Notice that ::dtrace only processes in-kernel DTrace data. Data that has been consumed
from the kernel and processed (through dtrace(1M) or other means) will not be
available to be processed with ::dtrace. To assure that the most amount of
data possible is available at the time of failure, use a ring buffer
buffering policy. See Chapter 11, Buffers and Buffering for more information on buffer policies.

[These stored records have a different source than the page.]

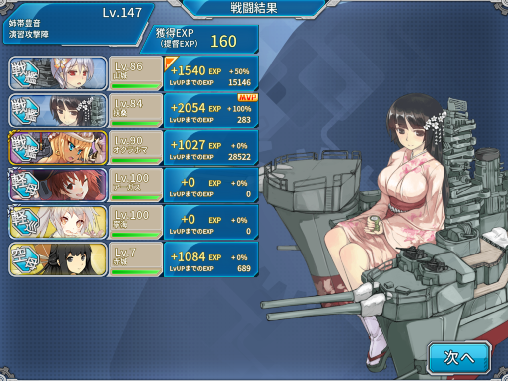 MVP取得と好感度経験値は関係ないって書いたよね。戦闘機を多めにする、武器のランクを下げる、キーロフ砲を積まない、徹甲弾・超重量弾を積まないなど、Lv100の旗艦はMVP回避をしてね。
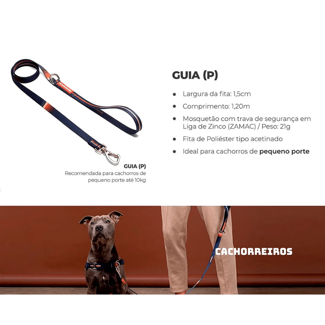A Guia Tradicional Cachorreiros Bob e Marley para Cães conta com alça Super confortável em Neoprene e um sistema exclusivo Cachorreiros® encurta guia. Mosquetão com trava de segurança em Liga de Zinco (ZAMAC).
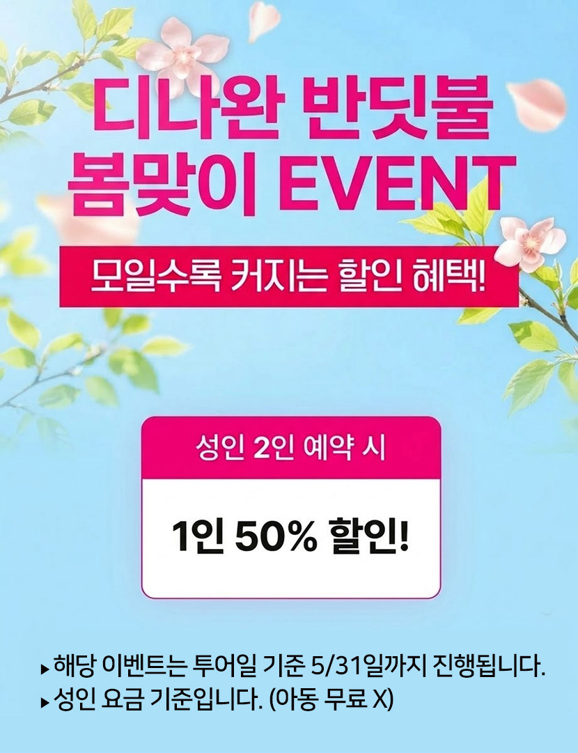 봄맞이 이벤트 (성인 2인 예약시, 1명 50% 할인!)
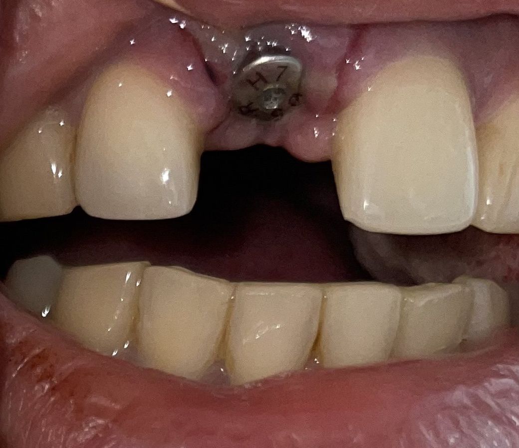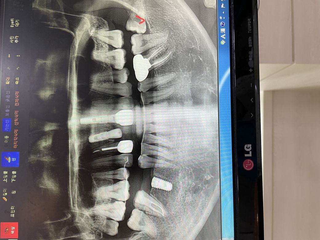 상악 앞니와 우측 아래 어금니2군데 도요ㅣ에 임플란트 픽쳐스 식립 후 오늘 일주일째
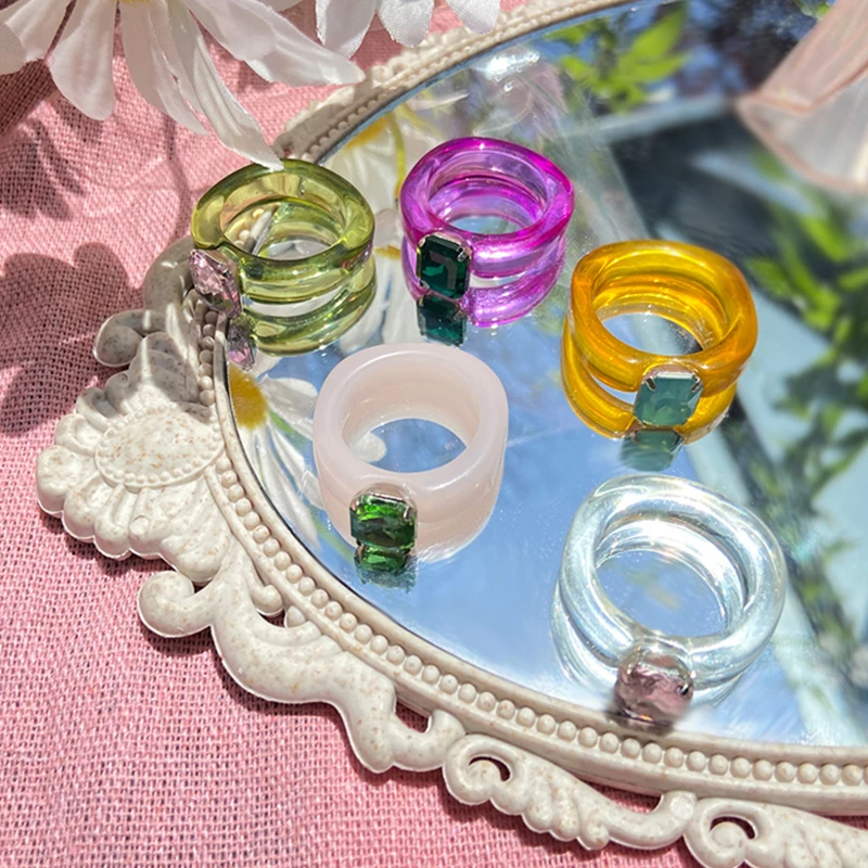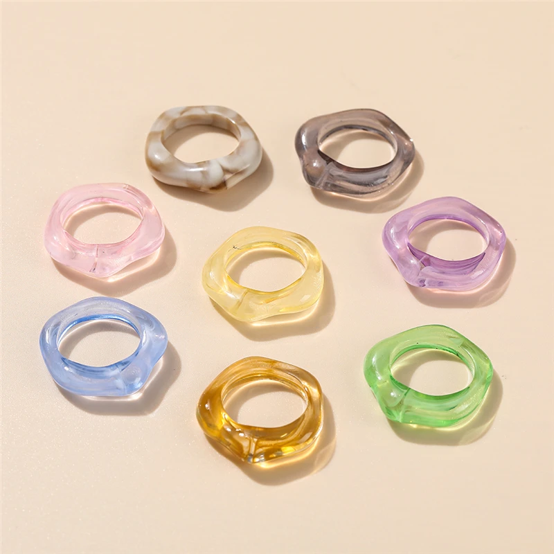 Комплект женских прозрачных колец из акриловой смолы, в богемном стиле
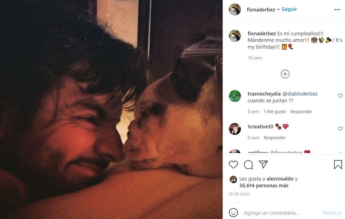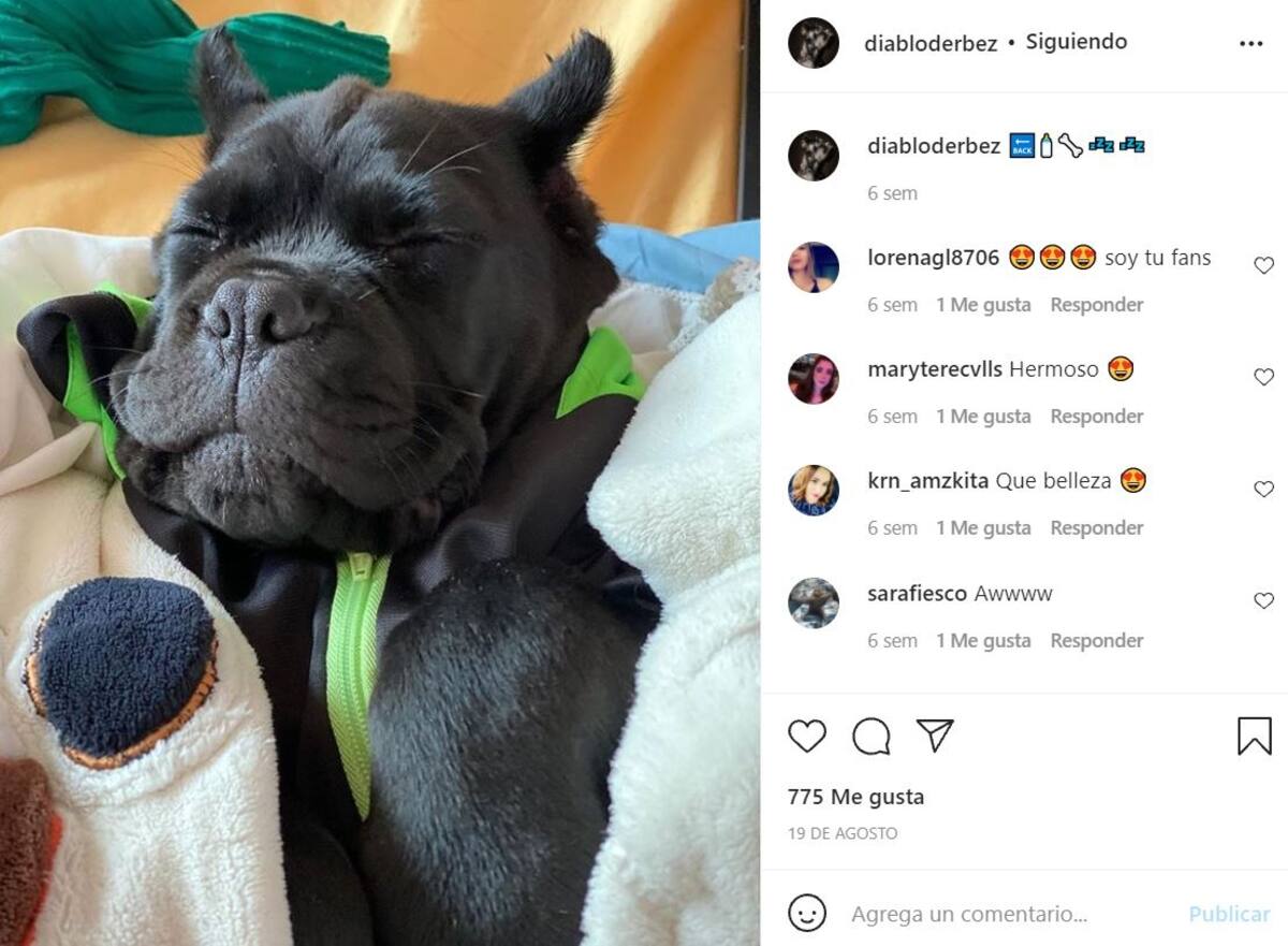 "Aquí con @diabloderbez", escribió la actriz en la fotografía que la muestra posando junto al enorme animal, que, como famoso Derbez también cuenta con Instagram personal.

The following example creates a very small (16K) ring buffer and records all
system calls and the process making them:
# dtrace -P syscall'{trace(curpsinfo->pr_psargs)}' -b 16k -x bufpolicy=ring
dtrace: description 'syscall:::entry' matched 214 probesLooking at a crash dump taken when the above command was running
results in output similar to the following example:
> ::dtrace_state
ADDR MINOR PROC NAME FILE
cdccd400 3 d15e80a0 dtrace ced065f0
> cdccd400::dtrace
CPU ID FUNCTION:NAME
0 139 getmsg:return mibiisa -r -p 25216
0 138 getmsg:entry mibiisa -r -p 25216
0 139 getmsg:return mibiisa -r -p 25216
0 138 getmsg:entry mibiisa -r -p 25216
0 139 getmsg:return mibiisa -r -p 25216
0 138 getmsg:entry mibiisa -r -p 25216
0 139 getmsg:return mibiisa -r -p 25216
0 138 getmsg:entry mibiisa -r -p 25216
0 139 getmsg:return mibiisa -r -p 25216
0 138 getmsg:entry mibiisa -r -p 25216
0 17 close:return mibiisa -r -p 25216
...
0 96 ioctl:entry mibiisa -r -p 25216
0 97 ioctl:return mibiisa -r -p 25216
0 96 ioctl:entry mibiisa -r -p 25216
0 97 ioctl:return mibiisa -r -p 25216
0 96 ioctl:entry mibiisa -r -p 25216
0 97 ioctl:return mibiisa -r -p 25216
0 96 ioctl:entry mibiisa -r -p 25216
0 97 ioctl:return mibiisa -r -p 25216
0 16 close:entry mibiisa -r -p 25216
0 17 close:return mibiisa -r -p 25216
0 124 lwp_park:entry mibiisa -r -p 25216
1 68 access:entry mdb -kw
1 69 access:return mdb -kw
1 202 xstat:entry mdb -kw
1 203 xstat:return mdb -kw
1 14 open:entry mdb -kw
1 15 open:return mdb -kw
1 206 fxstat:entry mdb -kw
1 207 fxstat:return mdb -kw
1 186 mmap:entry mdb -kw
...
1 13 write:return mdb -kw
1 10 read:entry mdb -kw
1 11 read:return mdb -kw
1 12 write:entry mdb -kw
1 13 write:return mdb -kw
1 96 ioctl:entry mdb -kw
1 97 ioctl:return mdb -kw
1 364 pread64:entry mdb -kw
1 365 pread64:return mdb -kw
1 366 pwrite64:entry mdb -kw
1 367 pwrite64:return mdb -kw
1 364 pread64:entry mdb -kw
1 365 pread64:return mdb -kw
1 38 brk:entry mdb -kw
1 39 brk:return mdb -kw
>Note that CPU 1's youngest records include a series of write(2) system
calls by an mdb -kw process. This result is likely related to the
reason for the system failure because a user can modify running kernel data
or text with mdb(1) when run with the -k and -w options.
In this case, the DTrace data provides at least an interesting avenue of
investigation, if not the root cause of the failure.